Supplied information ▸

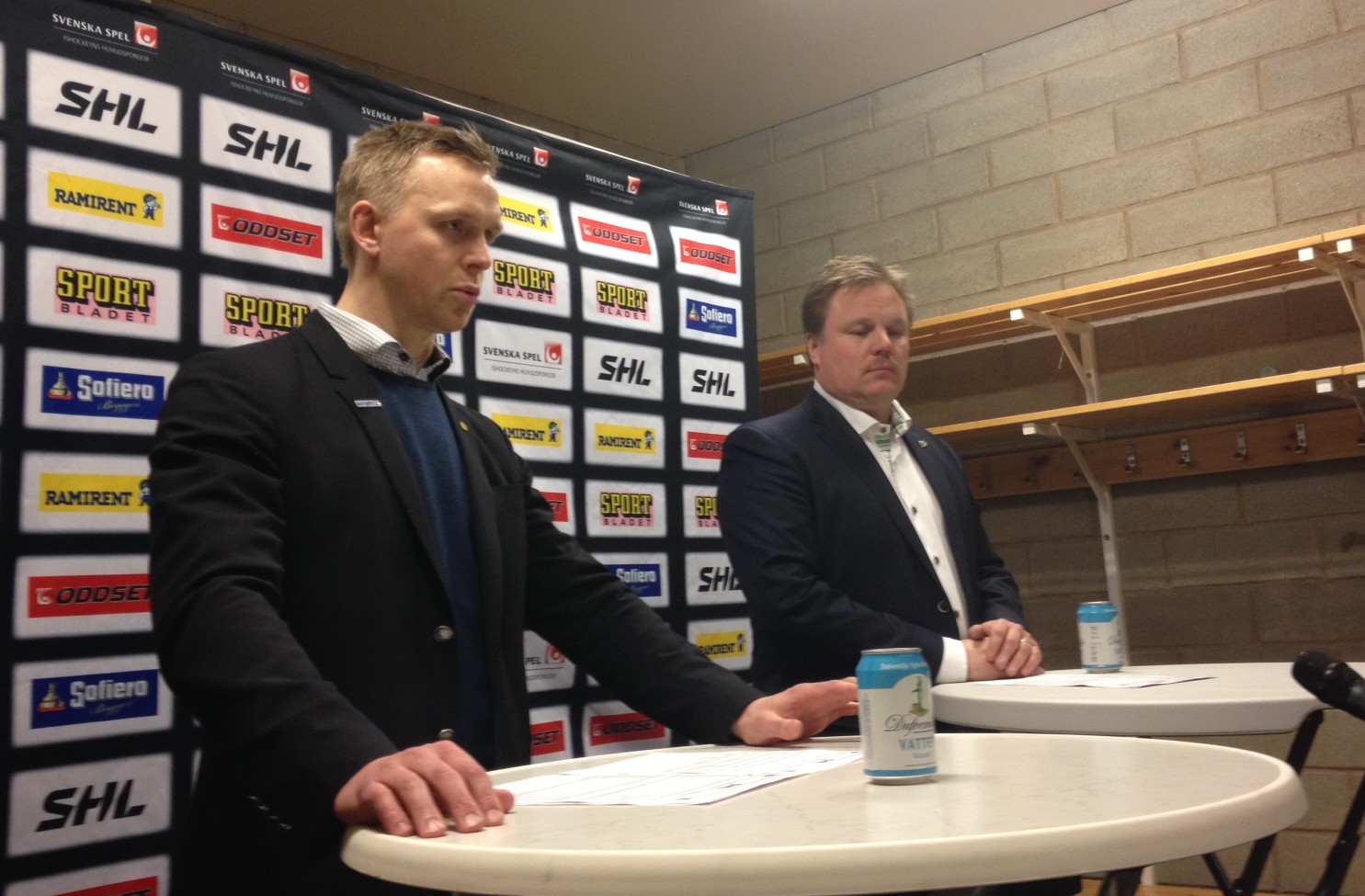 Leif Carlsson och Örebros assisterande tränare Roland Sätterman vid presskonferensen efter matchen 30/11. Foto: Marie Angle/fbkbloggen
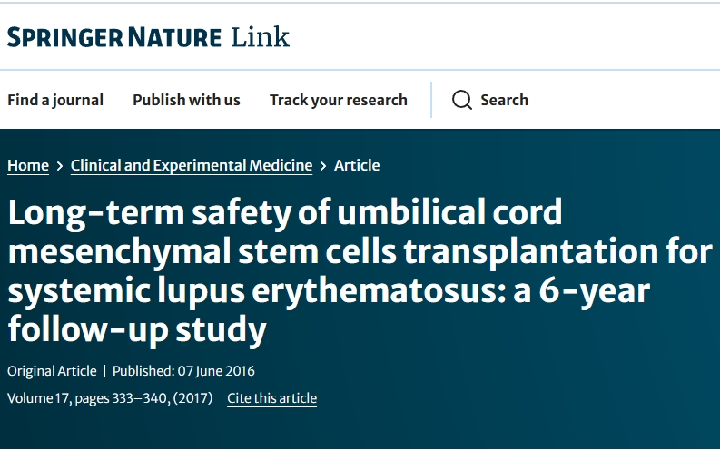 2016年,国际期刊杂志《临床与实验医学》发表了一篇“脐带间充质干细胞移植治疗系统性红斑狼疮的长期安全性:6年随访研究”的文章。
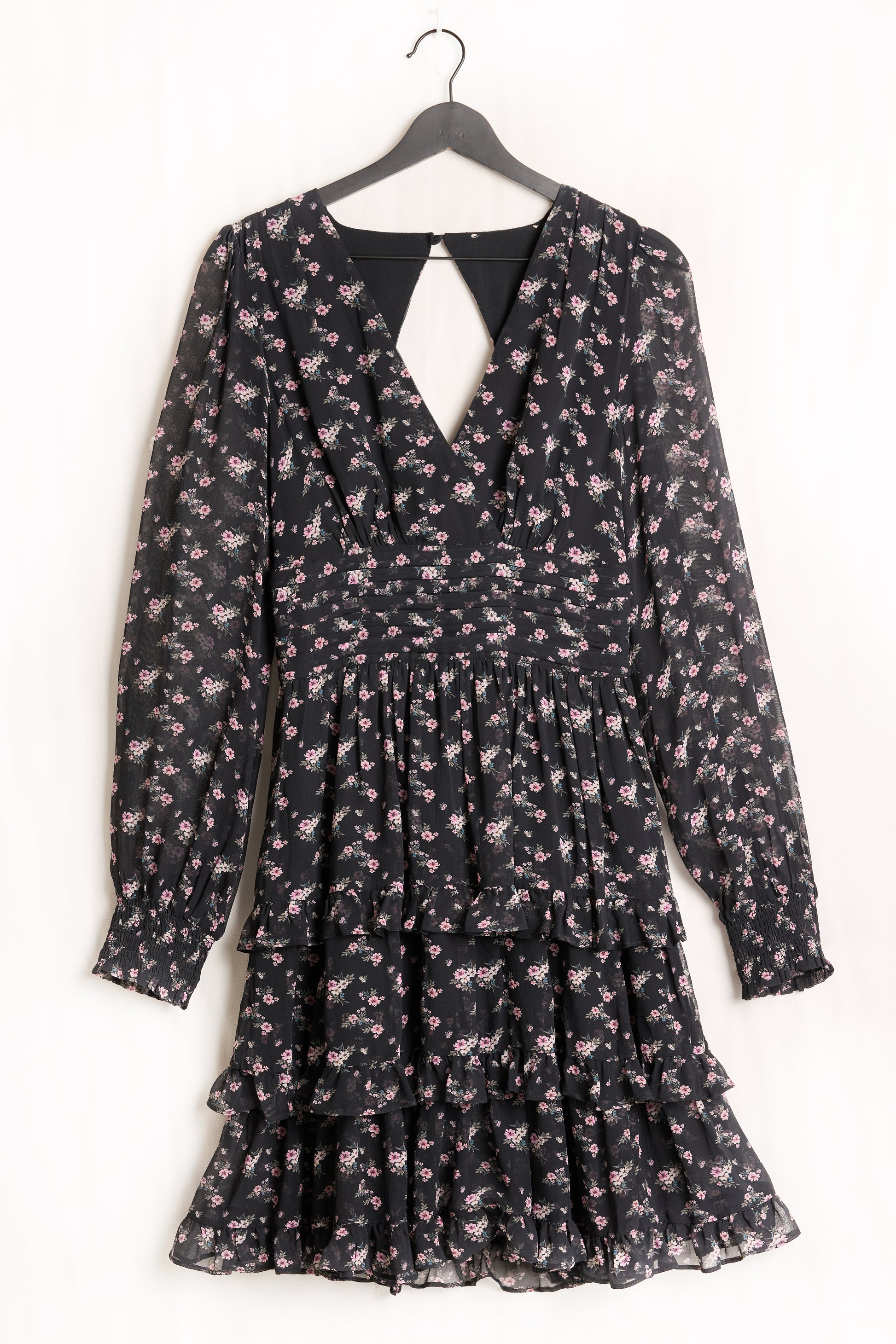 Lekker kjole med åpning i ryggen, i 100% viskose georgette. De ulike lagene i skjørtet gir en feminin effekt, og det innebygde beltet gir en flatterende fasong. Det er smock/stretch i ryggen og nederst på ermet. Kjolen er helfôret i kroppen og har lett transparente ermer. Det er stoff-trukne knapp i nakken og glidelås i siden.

Task goal ▸ With images left out, the data must be transcribed exactly.

Finished task ▸
 Leif Carlsson och Örebros assisterande tränare Roland Sätterman vid presskonferensen efter matchen 30/11. Foto: Marie Angle/fbkbloggen
 2016年,国际期刊杂志《临床与实验医学》发表了一篇“脐带间充质干细胞移植治疗系统性红斑狼疮的长期安全性:6年随访研究”的文章。
 Lekker kjole med åpning i ryggen, i 100% viskose georgette. De ulike lagene i skjørtet gir en feminin effekt, og det innebygde beltet gir en flatterende fasong. Det er smock/stretch i ryggen og nederst på ermet. Kjolen er helfôret i kroppen og har lett transparente ermer. Det er stoff-trukne knapp i nakken og glidelås i siden.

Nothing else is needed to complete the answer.